* [Description of the task]: Print the listing below only from the line that has "塑胶垫是为了大家运动时防滑减" through the line that has "Cotton Natura Pants", exactly, and drop any picture.

* [Information shown]:
== Segment start ==

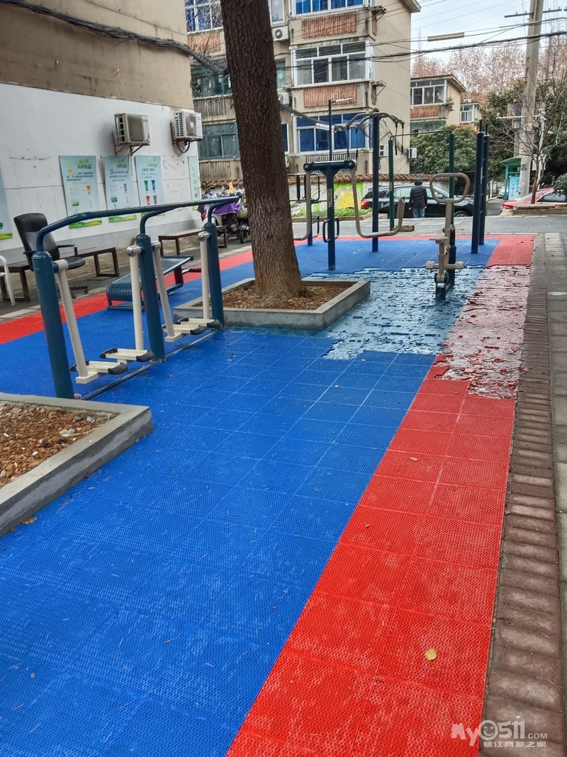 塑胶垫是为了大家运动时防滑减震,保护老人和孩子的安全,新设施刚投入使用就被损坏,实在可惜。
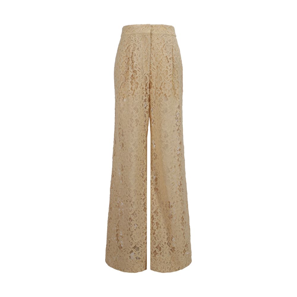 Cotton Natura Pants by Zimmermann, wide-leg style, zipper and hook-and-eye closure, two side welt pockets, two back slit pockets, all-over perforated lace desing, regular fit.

== Segment end ==
== Segment start ==

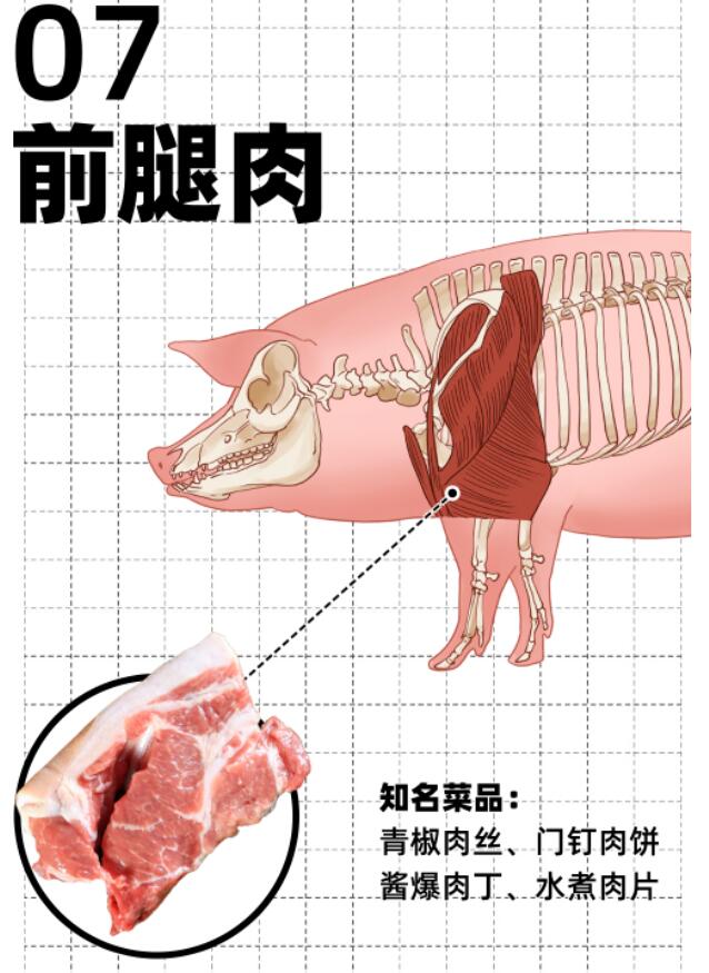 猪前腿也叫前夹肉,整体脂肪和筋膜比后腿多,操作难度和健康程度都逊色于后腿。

== Segment end ==

* [Solution to this problem]:
 塑胶垫是为了大家运动时防滑减震,保护老人和孩子的安全,新设施刚投入使用就被损坏,实在可惜。
 Cotton Natura Pants by Zimmermann, wide-leg style, zipper and hook-and-eye closure, two side welt pockets, two back slit pockets, all-over perforated lace desing, regular fit.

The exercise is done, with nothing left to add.